After the disaster at Chickamauga, Grant, who had recently been promoted to overall command of Union forces in the west, chose to relieve Rosecrans of command, replacing him with Major General George Thomas. On his way to Chattanooga to assess the situation, Grant encountered Rosecrans, who was on his way back north. Grant later wrote, “we held a brief interview, in which he described very clearly the situation at Chattanooga, and made some excellent suggestions as to what should be done. My only wonder was that he had not carried them out.” For his part, Rosecrans remained bitter towards Grant for the rest of his life, blaming him for his fall from grace. He wrote to his friend James Garfield, “I consider my present situation an outrage on justice having few parallels in this or any other War. But I am a firm believer in the final downfall of iniquity.”

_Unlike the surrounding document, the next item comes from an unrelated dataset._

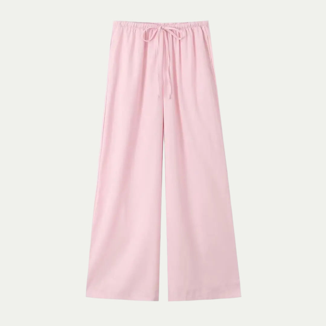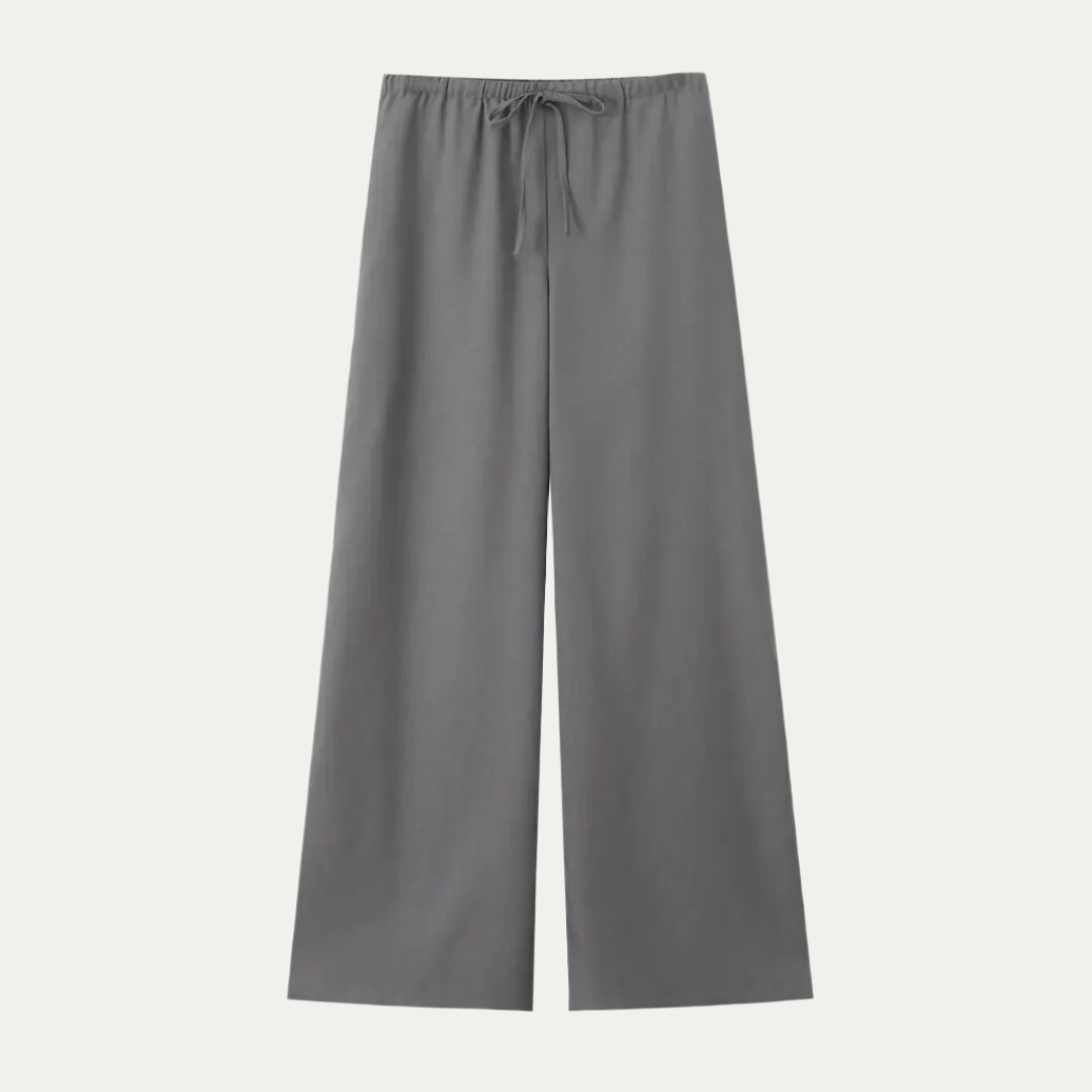 • سروال عالي الخصر بأرجل واسعة لإطلالة رشيقة.
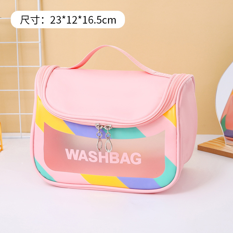 新款透明化妆品洗漱包手提pvc防水便携高颜值收纳包拼接妆袋批发

Although he commanded Union forces in Missouri in 1864, Rosecrans did not play a significant role in Union operations for the remainder of the war. In 1867 he resigned his commission in the Army. A year later he was appointed by President Andrew Johnson as the United States Minister to Mexico and served in the position for a year.
Rosecrans spent much of his postwar life in California. In 1880 he was elected to Congress as a Democrat. He represented California’s 1st District for two terms, serving from 1881 to 1885. During his time in the House of Representatives, Rosecrans opposed a bill to provide a pension to his old rival, Ulysses S. Grant, who at the time was almost destitute and dying of throat cancer. The legislation passed over Rosecrans’s objections.
Rosecrans died on March 11, 1898. He was initially buried in Rosedale Cemetery in Los Angeles, California. In 1902 his body was reinterred in Arlington National Cemetery.